I recently did a post on the Dominion Mandate, so I won’t repeat what I said there, but this command was not abrogated after the fall, or after Christ. This is the NIV, and other versions translate it as, “Be fruitful and multiply.” After the flood and before God’s covenant promise in the rainbow to Noah and his sons, he twice commanded them, “Be fruitful and increase in number and fill the earth” (Gen. 9:1), and “As for you, be fruitful and increase in number; multiply on the earth and increase upon it” (Gen. 9:7). The only other place where a command to have children is found is to the exiles in Babylon (Jer. 29:6):

Marry and have sons and daughters; find wives for your sons and give your daughters in marriage, so that they too may have sons and daughters. Increase in number there; do not decrease.

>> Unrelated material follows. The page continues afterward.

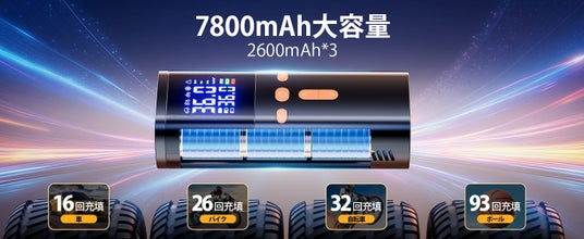 本製品は大容量7800mAhのリチウム電池を搭載しており、約2時間でフル充電が可能です。1回のフル充電で、自転車タイヤに30回、バイクタイヤに32回、車用タイヤに36回、ボール用タイヤに9回対応できます。さらに、内蔵のターボコンプレッサーは毎分25,000回転の高性能モーターを採用し、わずか10秒で車のタイヤに空気を充填できます。パワフルな性能と長寿命設計により、長期使用に最適です。

The reason these are the only direct commands in Scripture to have children is that nobody would have conceived of a need to be commanded to have children, and as many as one could. That’s what families did! And to think otherwise would never have occurred to anyone in the ancient world. While industrialization diminished the incentives to have large families, until feminism, and especially until the dreaded 1960s, having children was seen as fulfilling and natural, not a burden to keep people from living their best life now.  

Contrary to our current historical moment, I grew up in the 60s and 70s, and became an adult in the 80s, when the environmental hysteria de jure was overpopulation. Masses of people were supposed to die of starvation by the 80s, and the overpopulation predictions proved to be the lie they always were. God would never have created a world that could not sustain the apex of his creation. I even had Christians over the years argue that God’s command to Adam and Eve no longer applies to us because the earth is pretty much already filled up. Nobody would say such a thing now. In fact, I see Elon Musk on Twitter/X posting all the time about the demographic apocalypse that will happen if people don’t start having more children.

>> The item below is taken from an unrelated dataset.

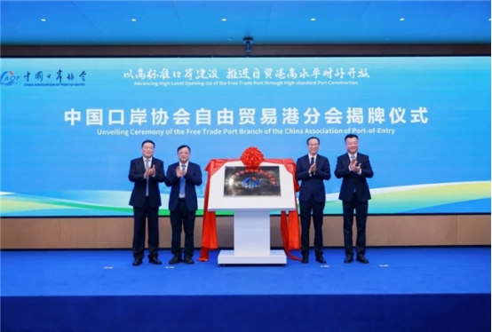 在与会嘉宾的共同见证下,举行了中国口岸协会自由贸易港分会揭牌仪式,标志着自由贸易港分会正式开启服务自贸港开放发展的新征程。

The promises of God in the Pentateuch are the foundation of God’s redemptive plans on earth, and they always included children. If we do a Bible word search for words such as offspring, seed, child, we’ll see that children are integral to everything God does with and for His people, and more children was always better than fewer. And in the first Christian sermon by Peter in Acts 2, he affirms the centrality of children to his redemptive plans in the New Covenant, as he says to the three thousand people assembled, “the promise is for you and for your children.” Children are assumed as part of the deal. They are not a burden, they are not an inconvenience, they are to be a natural part of Christian families and God’s church, the more the better. My prayer is that we become more like Israel so we don’t become like Greece.